When I was 21 I had my first pregnancy. It ended before I knew it existed. I was young, unmarried and the pregnancy was the result of a horrific event. I was sad about the miscarriage, and relieved; but mostly I felt guilty because I was relieved, and it changed my life. It made me realize that I really wanted to be a mother.
When I became pregnant two years later not much had changed. I was still young, still unmarried, but I was so happy. I knew this was a second chance and I wasn’t going to take it for granted. I wanted to be the best mother in the world. My family was not nearly as excited for me, which was understandable given the situation, but I had a strong support system of friends.

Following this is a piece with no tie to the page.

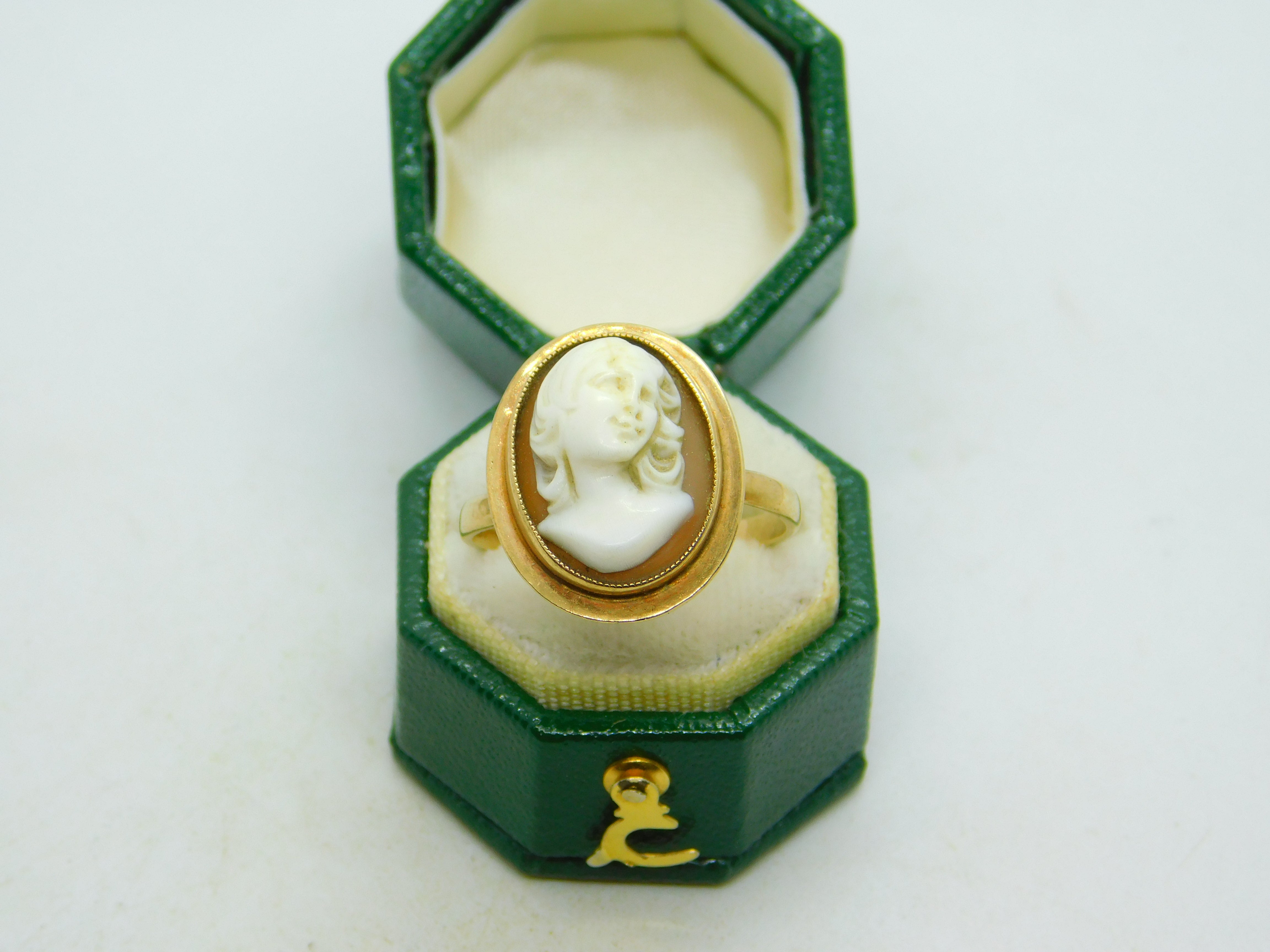 Victorian 9ct Gold Carved High Relief Cameo Signet Ring Antique c1900

I couldn’t’ have asked for a better pregnancy.
Of course, I was exhausted, all I did was sleep and work. I didn’t have any morning sickness. I felt great, probably the best I had felt in my entire adult life. People said I “glowed.” Looking back, I probably looked so good because for first time since I could remember I was sleeping regularly, about 12 hours a night, eating healthier and taking vitamins.

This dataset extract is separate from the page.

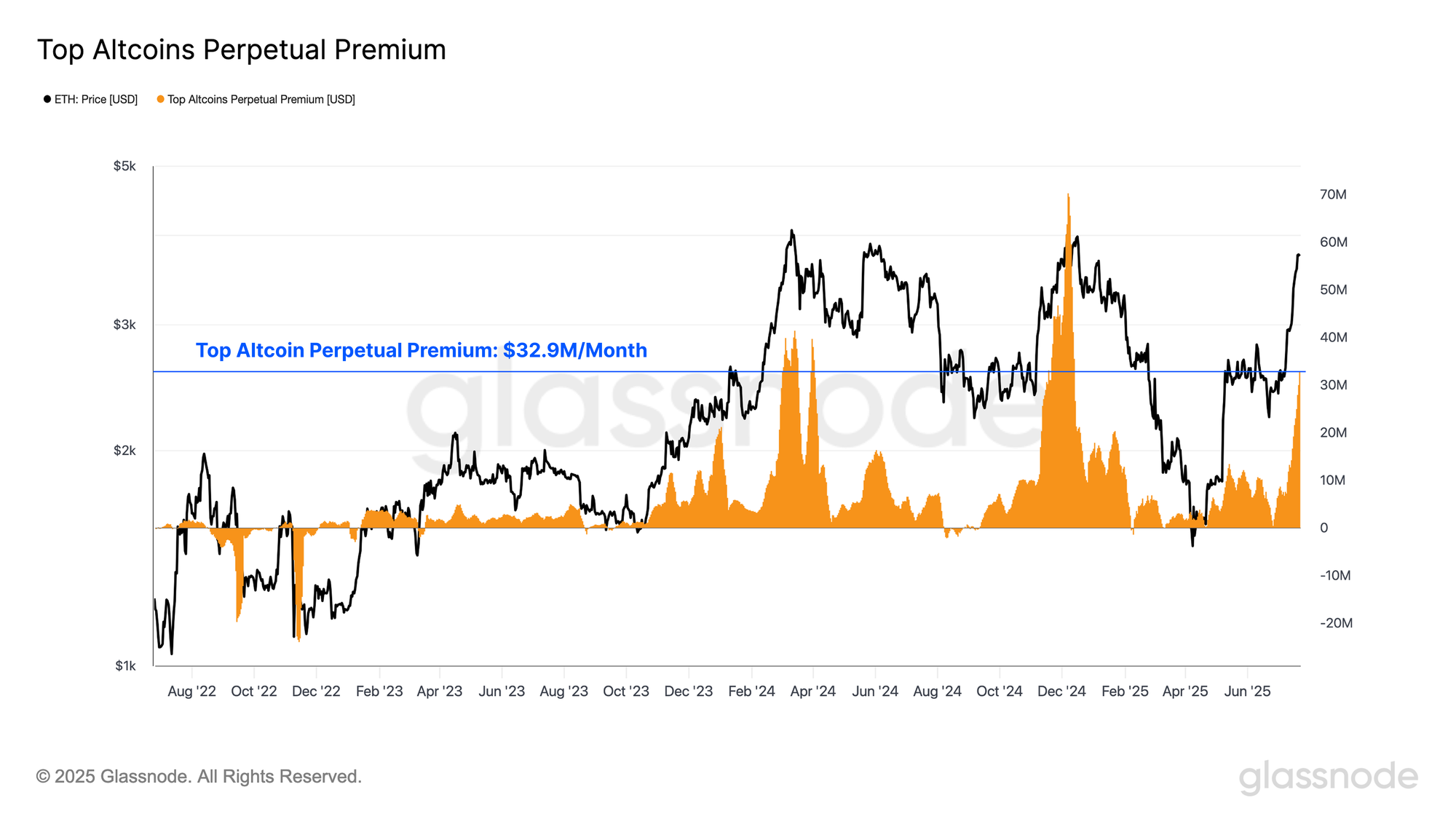 The cumulative monthly funding premium paid by long-side futures contracts over the past 30 days can be a useful gauge for speculative appetite. Here, we look at monthly premium paid across the top altcoin assets, and we find that the total cost of leverage has reached approximately $32.9M/month.

Early on I had a little scare. When the doctor listened for the heartbeat, he couldn’t find it, so I was sent for an early ultrasound. It turned out that everything was just as it should be. I got to hear the heartbeat and watch this little life kick and wave it’s arms. I was amazed that tiny little human was moving so much and I couldn’t feel it. My due date of August 24, 1996 was confirmed. Even thought the ultrasound was too early to show the sex, I was convinced it was a girl, and I had a name picked out, Lexandra Lorene. I had heard the name Lexandra, and absolutely loved it; Lorene was my Grandma Opal’s middle name. I had always had such a special connection with my Grandma I wanted my daughter to have a special connection too. I had friends who gave me clothing, blankets, bibs, a crib, a walker. I had plans of breastfeeding. My life wasn’t perfect, but it felt right.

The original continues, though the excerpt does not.